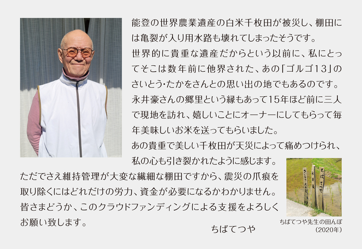 そしてこの度、千枚田オーナー制度の特別名誉会員、漫画家のちばてつや先生から応援メッセージが届きましたので掲載させていただきます。(プロジェクト本文へも掲載いたします)
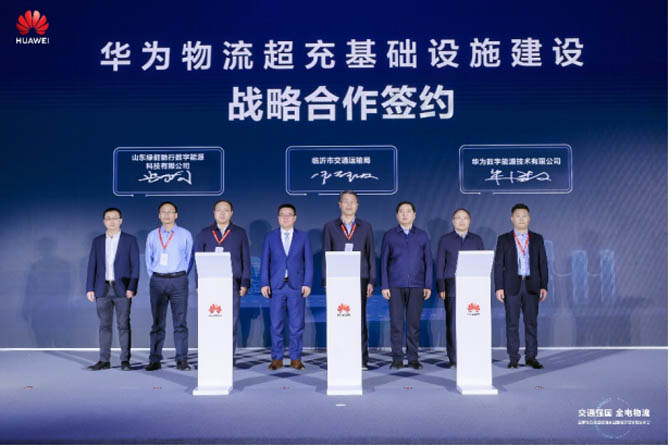 发布会现场签约华为物流超充基础设施建设、华为山东物流大数据应用中心建设、华为城市超充基础设施建设等多项战略合作。本次活动邀请行业专家及企业伙伴广泛参与,共同探讨推进物流电动化、数字化、降本增效、绿电交通的新思路、新技术、新措施。通过优化线路规划布局、提升运输承载效率、加大清洁能源占比等有效手段,推动新能源商用车等优势产业集群促进高质量充电基础设施网络协同升级,让交通运输领域能源转型支撑减碳成效向好达成。
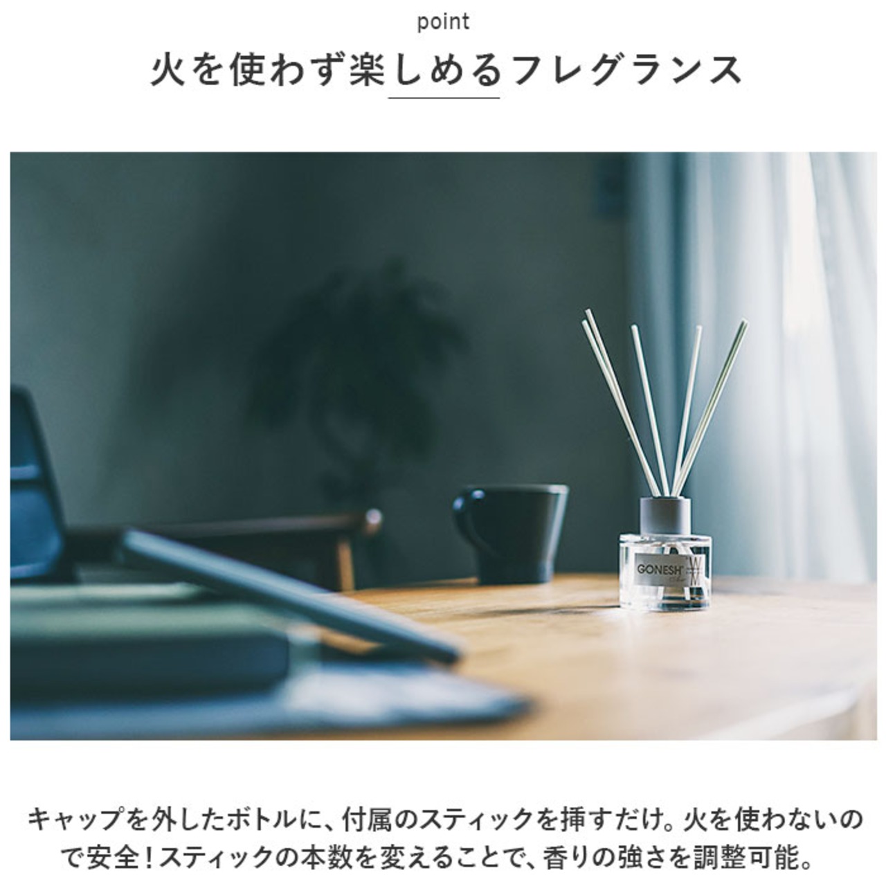 ・キャップを外したボトルに、付属のスティックを挿すだけ。火を使わないので安全!スティックの本数を変えることで、香りの強さを調整可能。
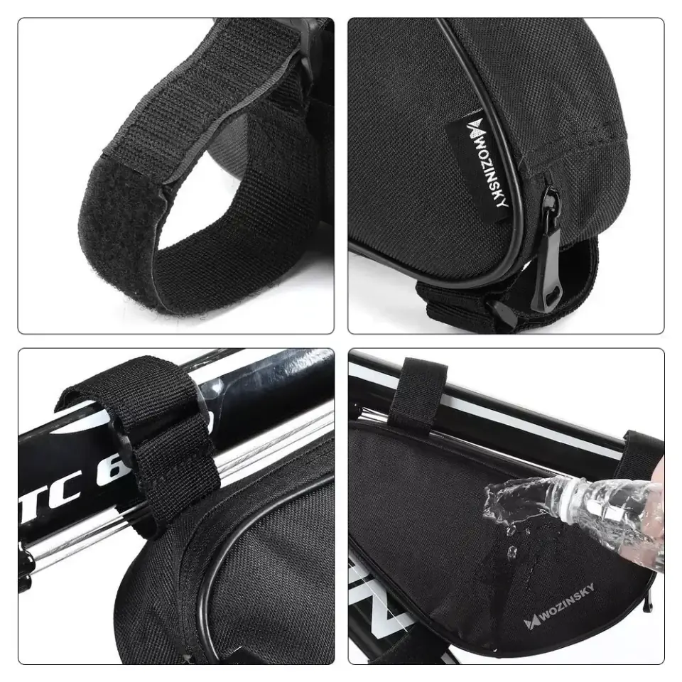 Torba rowerowa na ramę Wozinsky WBB11BK to trójkątna torba mocowana z przodu ramy przy pomocy zaczepów na rzepy. Ma bardzo klasyczną konstrukcję – jednokomorowej sakwy zamykanej na zamek błyskawiczny. Zbliżony do trójkąta kształt idealnie wpisuje się w konstrukcję roweru.
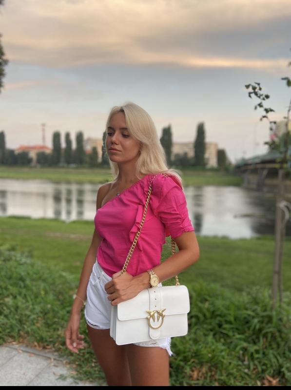 На 1 плечо, очень эффектная, цвет малиновый
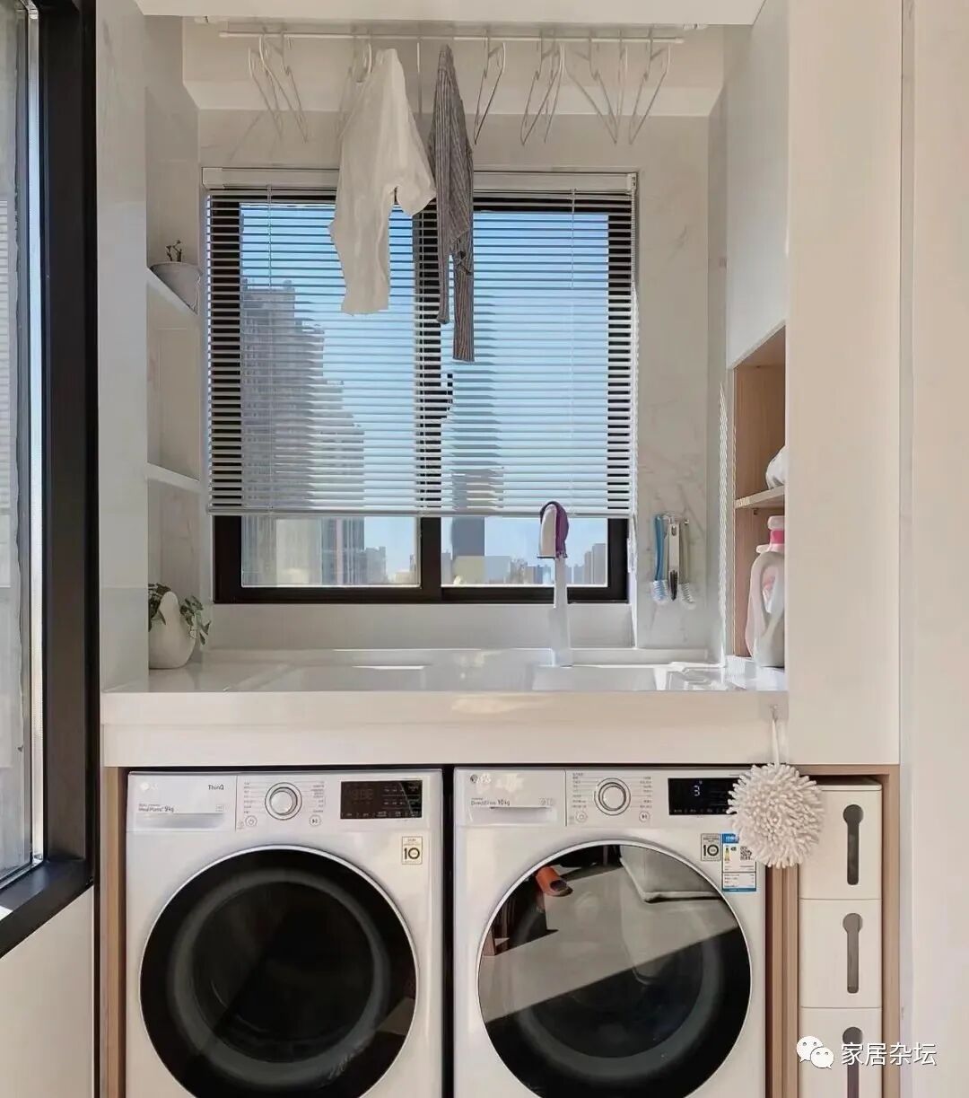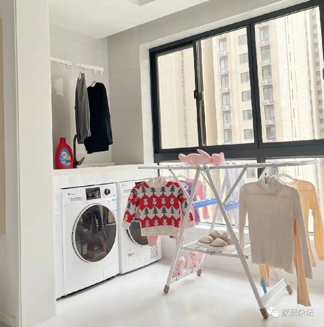 其实此时还是有晾衣区的,只是从阳台转到了洗衣机伴侣柜的位置。
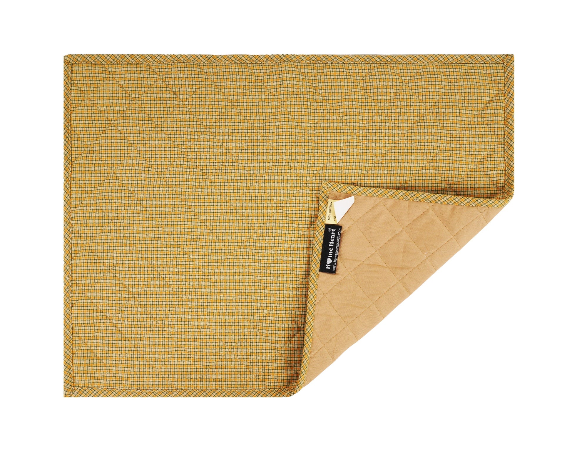 Quilted PLACEMAT pumpkin yellow Country Plaid 14"X19" by HOME HEART Brands/Tablemat
• • • •
Exact copies of the entries above are needed, with every picture removed.

YOUR RESPONSE:
 そしてこの度、千枚田オーナー制度の特別名誉会員、漫画家のちばてつや先生から応援メッセージが届きましたので掲載させていただきます。(プロジェクト本文へも掲載いたします)
 发布会现场签约华为物流超充基础设施建设、华为山东物流大数据应用中心建设、华为城市超充基础设施建设等多项战略合作。本次活动邀请行业专家及企业伙伴广泛参与,共同探讨推进物流电动化、数字化、降本增效、绿电交通的新思路、新技术、新措施。通过优化线路规划布局、提升运输承载效率、加大清洁能源占比等有效手段,推动新能源商用车等优势产业集群促进高质量充电基础设施网络协同升级,让交通运输领域能源转型支撑减碳成效向好达成。
 ・キャップを外したボトルに、付属のスティックを挿すだけ。火を使わないので安全!スティックの本数を変えることで、香りの強さを調整可能。
 Torba rowerowa na ramę Wozinsky WBB11BK to trójkątna torba mocowana z przodu ramy przy pomocy zaczepów na rzepy. Ma bardzo klasyczną konstrukcję – jednokomorowej sakwy zamykanej na zamek błyskawiczny. Zbliżony do trójkąta kształt idealnie wpisuje się w konstrukcję roweru.
 На 1 плечо, очень эффектная, цвет малиновый
 其实此时还是有晾衣区的,只是从阳台转到了洗衣机伴侣柜的位置。
 Quilted PLACEMAT pumpkin yellow Country Plaid 14"X19" by HOME HEART Brands/Tablemat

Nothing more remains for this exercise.